I don't spend much time in Show HN, but if constructive feedback is encouraged, check out your CSS on Nexus 6P. Overall looks great but menu and comment widget are slightly off screen to the right.
Sandstorm (https://sandstorm.io/) would be a great way to self-host apps like this. I believe that they are working on a monetization model for paid apps.
Pretty nice UI. Always looking for an APP with all these functions. Would like to know the background framework used in this source and the cost for 2nd year?
It's PHP and Javascript. MVC on client and server, but no frameworks. The 2nd year cost is the same as the first, but you only have to pay if you want to continue getting upgrades. But you're certainly free to continue using the version you have forever.
Duet actually started out on CodeCanyon :) I was a very active elite author on there for a few years. Ultimately it wasn't the right fit. I actually wrote an article about my decision at the time: http://www.duetapp.com/blog/why-i-stopped-selling-duet-on-co...

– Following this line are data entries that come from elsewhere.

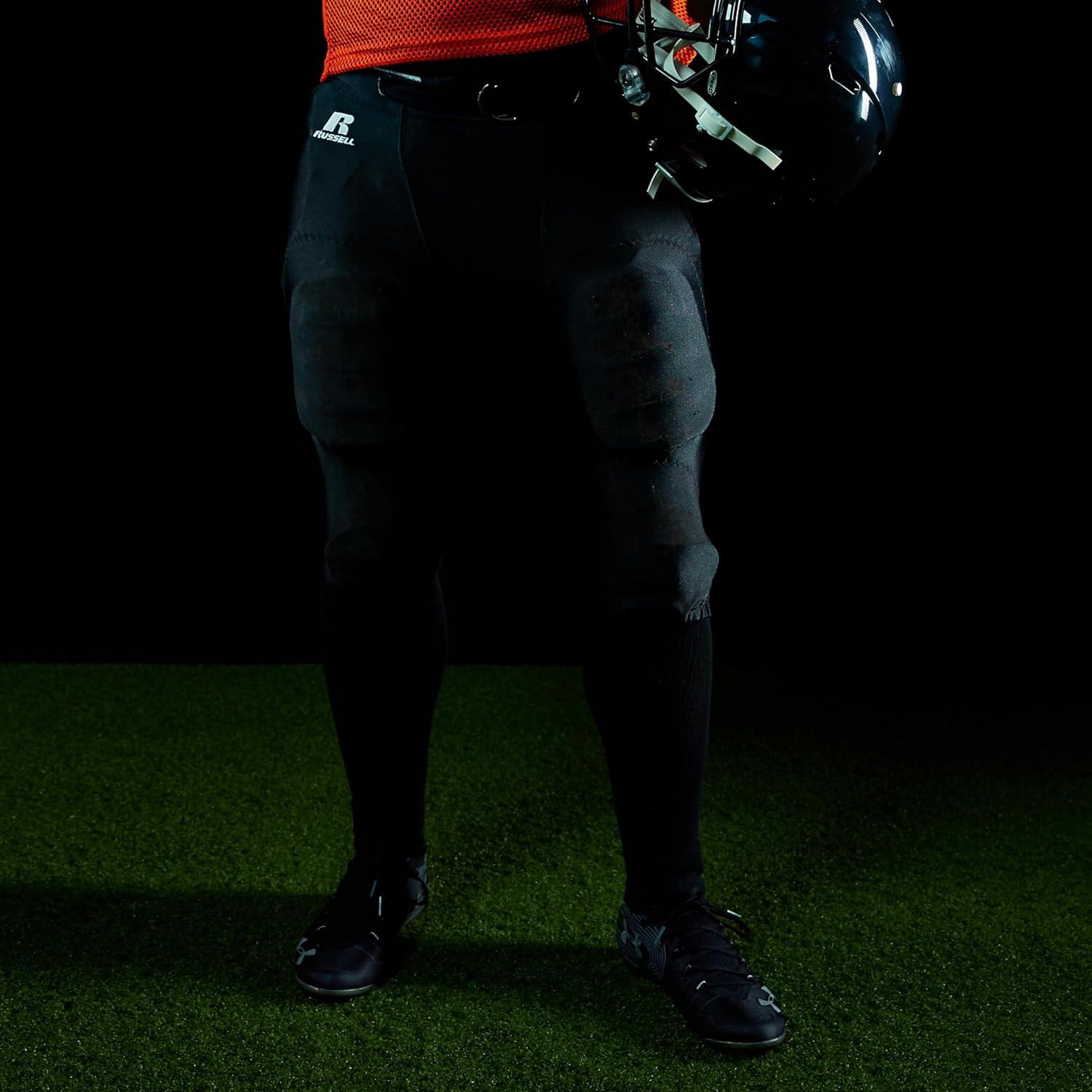 Mens Russell Athletic Mens Integrated 7-Piece Pad Football Pant – Premium Padded Football Pants for Adults(Black)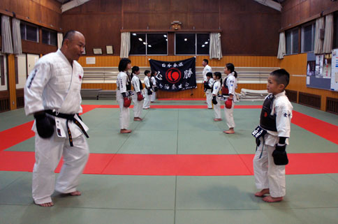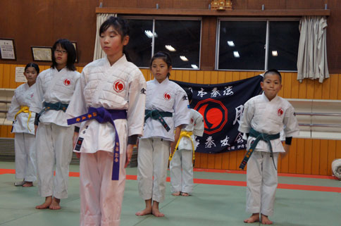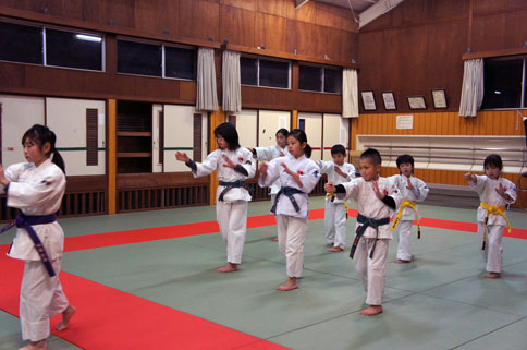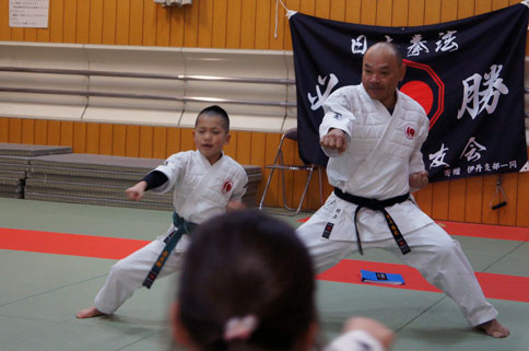 少年部稽古の締めは、「一人で五人分の気合い!」がモットーのコタロー指導員の号令で気合いの十本突き。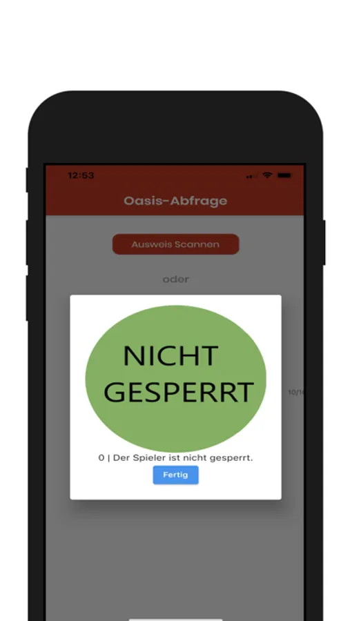 Die OasisScan App ermöglicht den Abgleich mit der Oasis Sperrdatei, dass ab dem 01.07.2021 überall wo Glücksspiel betrieben wird, verpflichtend ist.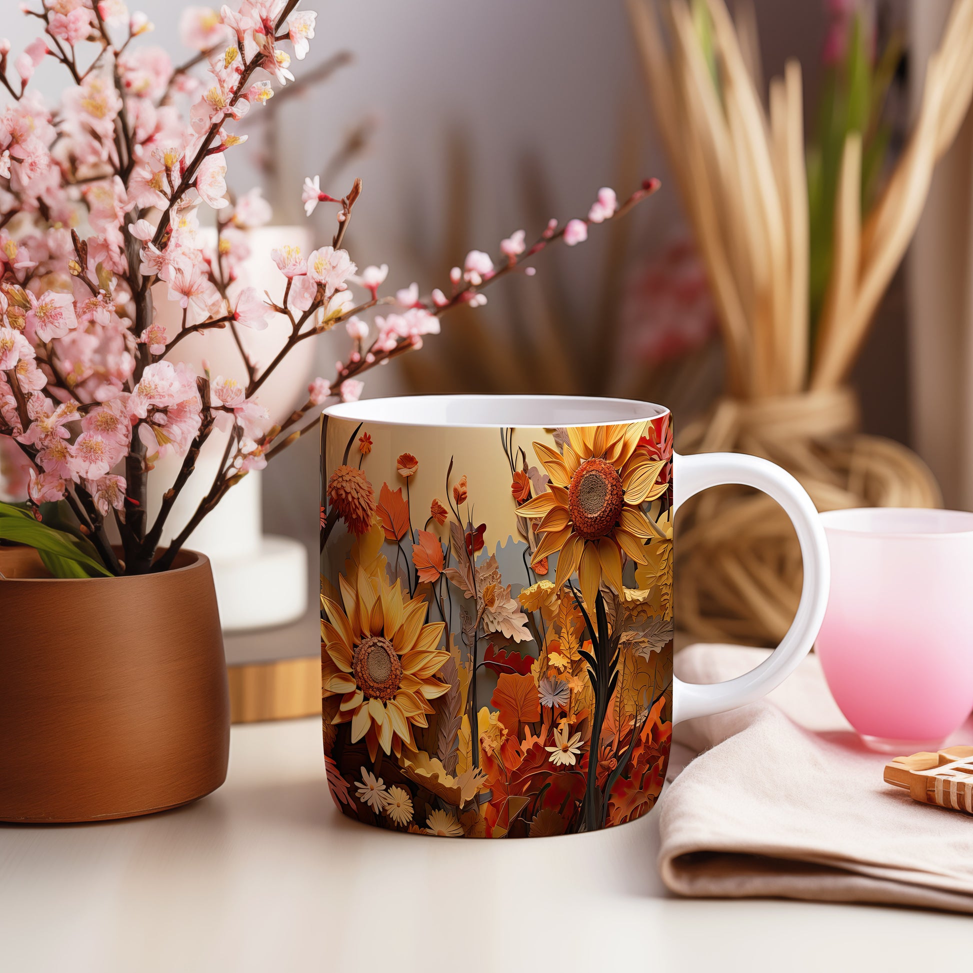 Hrnek s podzimními květinami

Please open a ticket here: http://duetapp.com/ticket and I will help you fix whatever issues you're having. 99.9% of issues are simple config problems so I'm sure we can get it resolved quickly.
Oh, that's a shame, Why is it not open source? Many companies (and governments) I know have or are adopting policies to only use open source software unless there's a /really/ good case not to.
I certainly wouldn't run a self hosted service at our work that wasn't open source, I couldn't imagine going back to a world where we couldn't inspect or contribute to the source:
There's a discussion about this above, but open source has many meanings. Duet's source is open, meaning you can absolute inspect and/or modify it once you purchase it, but it's not free software, so the source isn't publicly available, which is why it's not on github.
Actually open source software just has one meaning:
"Open-source software (OSS) is computer software with its source code made available with a license in which the copyright holder provides the rights to study, change, and distribute the software to anyone and for any purpose. Open-source software may be developed in a collaborative public manner."
Sure. But there's a distinct difference between FOSS and paid software. Many people think FOSS = OSS. The original comment asked about Github, and the subsequent conversation led me to believe at least one of the commenters was thought that because it wasn't on Github, that the source wasn't open. I was attempting to clear up that confusion, while pointing out where on the spectrum my product falls.
Here's the HN discussion from when I posted the first version a couple of years ago: https://news.ycombinator.com/item?id=5698741
I already got approval from dang to post again since it's been so long and a lot has changed about the app.